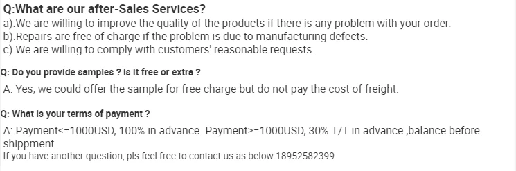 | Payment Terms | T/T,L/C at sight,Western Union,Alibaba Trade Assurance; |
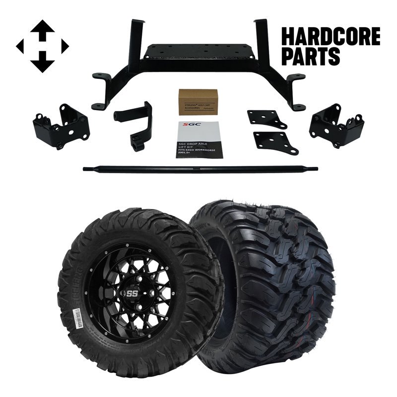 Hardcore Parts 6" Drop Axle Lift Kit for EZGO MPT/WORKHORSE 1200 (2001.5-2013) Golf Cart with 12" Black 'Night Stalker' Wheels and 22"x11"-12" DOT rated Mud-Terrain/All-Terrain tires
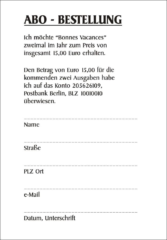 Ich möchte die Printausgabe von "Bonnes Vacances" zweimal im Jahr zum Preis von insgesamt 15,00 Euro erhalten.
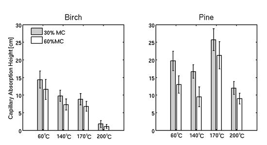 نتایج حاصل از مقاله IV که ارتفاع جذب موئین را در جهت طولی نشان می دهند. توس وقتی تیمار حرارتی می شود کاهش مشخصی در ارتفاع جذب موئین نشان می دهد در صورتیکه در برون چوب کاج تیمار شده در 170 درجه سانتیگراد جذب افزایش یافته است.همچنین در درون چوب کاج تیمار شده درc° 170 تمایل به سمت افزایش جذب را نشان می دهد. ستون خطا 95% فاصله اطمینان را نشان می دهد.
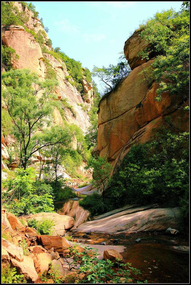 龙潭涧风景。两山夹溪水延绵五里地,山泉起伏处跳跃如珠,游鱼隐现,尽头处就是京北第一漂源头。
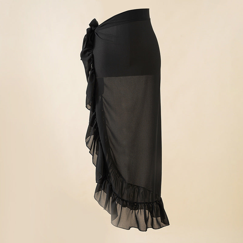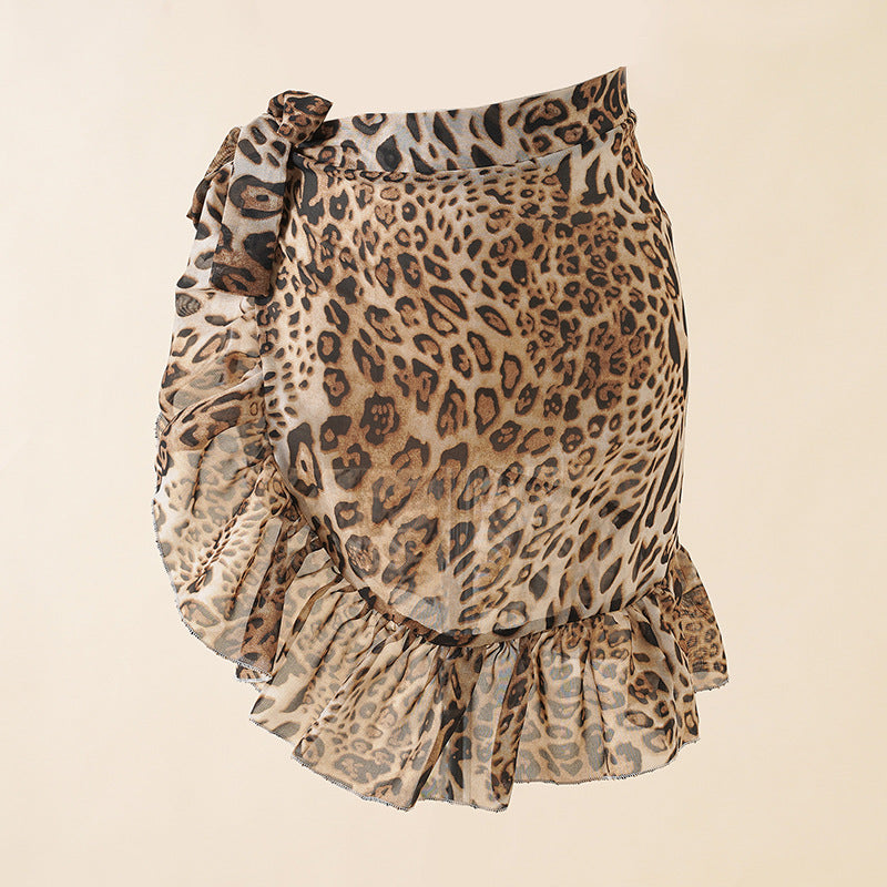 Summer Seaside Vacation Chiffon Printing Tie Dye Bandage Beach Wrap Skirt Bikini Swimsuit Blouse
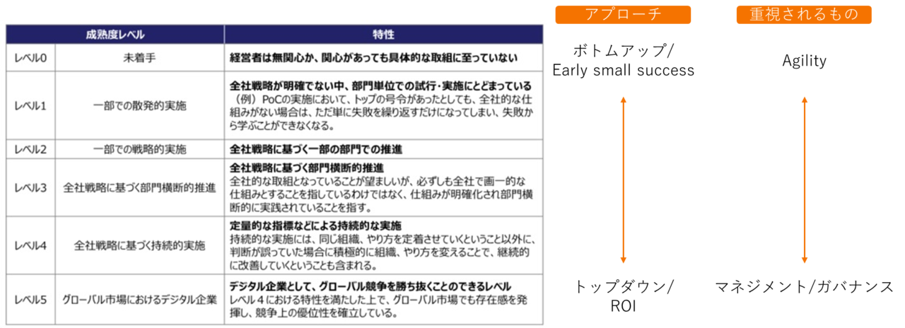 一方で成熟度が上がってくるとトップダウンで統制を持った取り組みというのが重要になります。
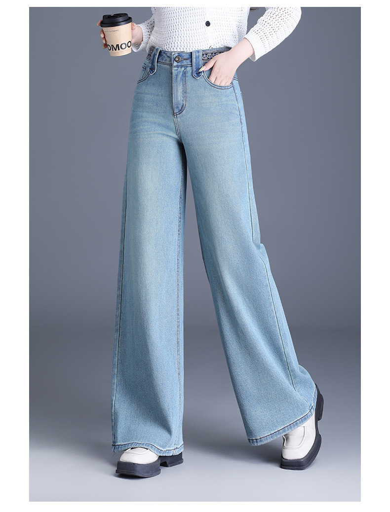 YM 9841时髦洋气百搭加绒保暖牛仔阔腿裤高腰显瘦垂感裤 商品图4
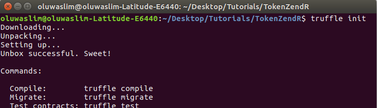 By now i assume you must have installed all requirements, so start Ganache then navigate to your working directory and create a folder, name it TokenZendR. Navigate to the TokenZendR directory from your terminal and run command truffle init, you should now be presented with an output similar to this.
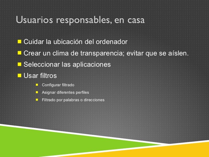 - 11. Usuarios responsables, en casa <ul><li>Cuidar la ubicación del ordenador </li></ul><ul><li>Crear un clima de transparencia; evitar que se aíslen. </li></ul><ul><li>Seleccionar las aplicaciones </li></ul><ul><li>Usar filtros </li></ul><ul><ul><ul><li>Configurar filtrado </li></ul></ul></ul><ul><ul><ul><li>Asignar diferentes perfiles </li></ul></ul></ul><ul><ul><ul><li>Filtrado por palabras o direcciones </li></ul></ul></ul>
· · · · · · ·
Task description: From the listing above, please give again the lines that begin with the line holding "Ich möchte die" and go on through the line holding "نتایج حاصل از", exactly, both ends included, minus any picture.

Solution for this task:
 Ich möchte die Printausgabe von "Bonnes Vacances" zweimal im Jahr zum Preis von insgesamt 15,00 Euro erhalten.
 نتایج حاصل از مقاله IV که ارتفاع جذب موئین را در جهت طولی نشان می دهند. توس وقتی تیمار حرارتی می شود کاهش مشخصی در ارتفاع جذب موئین نشان می دهد در صورتیکه در برون چوب کاج تیمار شده در 170 درجه سانتیگراد جذب افزایش یافته است.همچنین در درون چوب کاج تیمار شده درc° 170 تمایل به سمت افزایش جذب را نشان می دهد. ستون خطا 95% فاصله اطمینان را نشان می دهد.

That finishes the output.